Siri poised to learn Shanghainese as Apple expands her portfolio

Apple runs Siri through several steps to help it learn a new language with accurate dialects and accents.

siri

Apple's virtual assistant Siri literally revolutionised the world of artificially intelligent assistants in smart devices. Although, the world now has more options like Siri from several tech companies, but there is one area where Siri leads the pack and that is localisation.

Siri is the only virtual assistant that supports 24 languages across 36 country dialects. In contrast Google AI can only understand five languages and in case of Alexa or Amazon the number is only two, English and German. And now Apple is upping its game, as iOS 10.3 is introducing another language, which will extend its international advantage further more and that language is Shanghainese.

In a recent interview with Reuters, Apple's head of speech Alex Acero explained how Siri is being taught an entirely new language. Acero joined the company in 2013 and now heads the Apple speech team.

Siri voice recognition was previously powered by Nuance, which the tech giant replaced a couple of years ago with a custom-built in-house voice platform that heavily relies on machine learning in order to improve its understanding of words.

To pick up a new language, Acero says, first of all real people, who can speak the language are brought in to read various paragraphs and word lists in different dialects and accents. The human speech is then recorded to form a canonical representation of words and how they sound aloud. This whole process is dictated by real people with good knowledge about the language to ensure accuracy. This raw training data is then fed into an algorithmic machine training model.
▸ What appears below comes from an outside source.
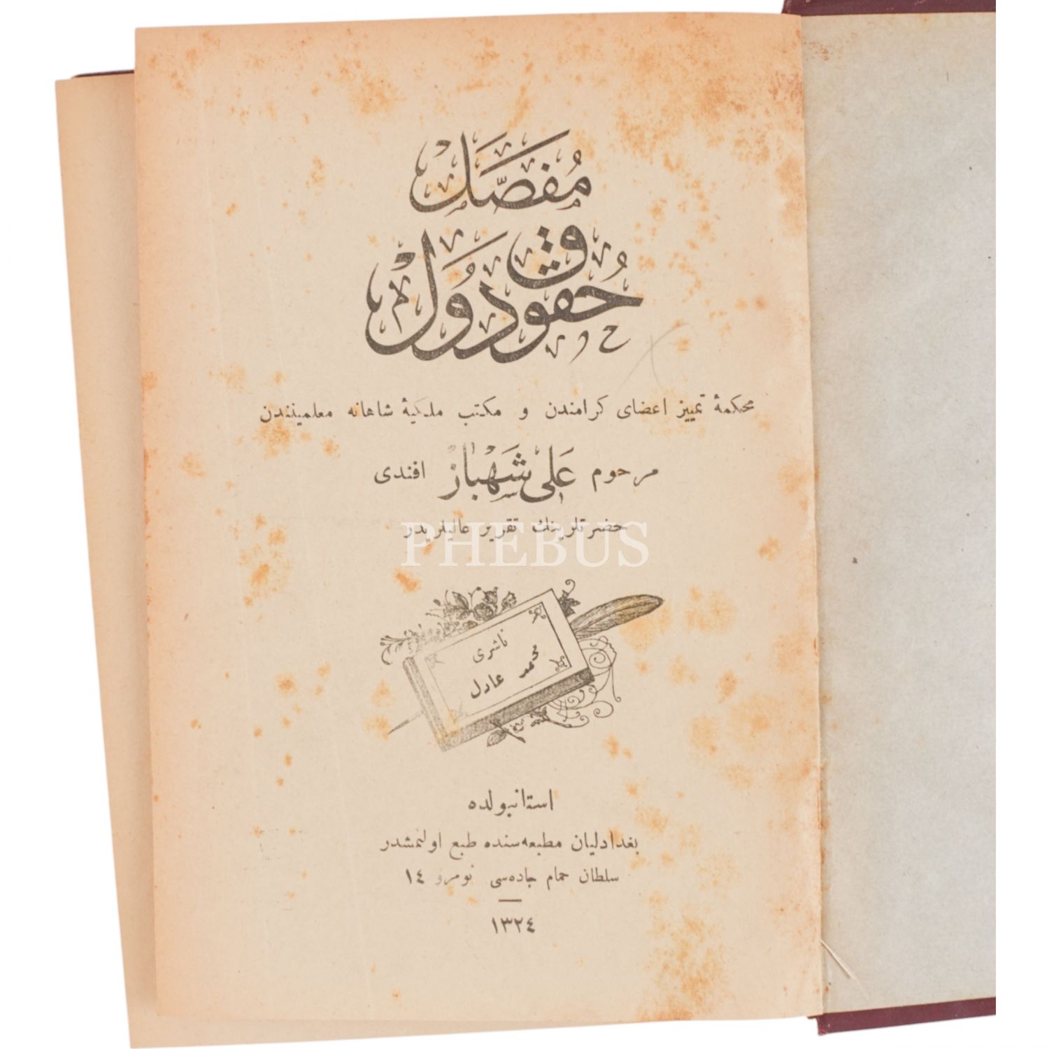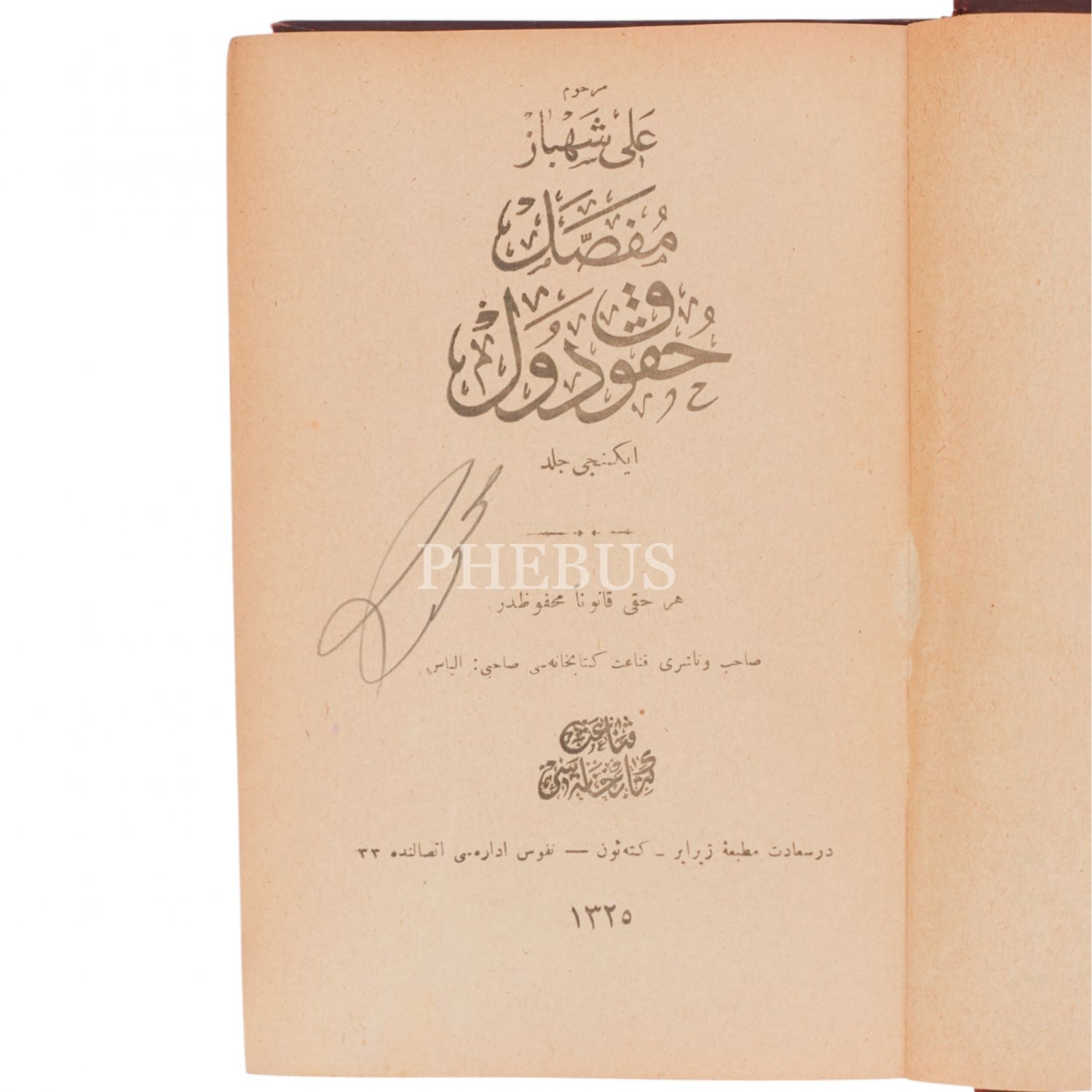 MUFASSAL HUKUK-U DÜVEL, Ali Şahbaz (1-2. Ciltler), 1325, Dersaadet Matbaası,1174 sayfa, 14x20cm...

Following this process the algorithm can improve automatically over time as it is trained with more data.

In the next step Apple releases the new language as a feature of iOS and macOS dictation, available on the iPhone keyboard by pressing the microphone key next to the spacebar. This allows Apple to gain more speech samples (sent anonymously) from a much wider base of people. Apple takes the samples and transcribes them by humans, then using this newly verified pairing of audio and text as more input data for the language model. The report says this secondary process cuts the dictation error rate in half.

Apple keeps repeating this step until it feels that it has reached the ultimate level of accuracy, where it can be rolled out as a prime Siri feature.

The language is then released with a software update, just like how Shanghainese will be a part of iOS 10.3 and macOS 10.12.4. Siri is seeded with preset answers to the 'most common queries'; this enables Siri to answer questions like 'tell me a joke'. Questions like 'find nearby restaurants' are handled dynamically, of course.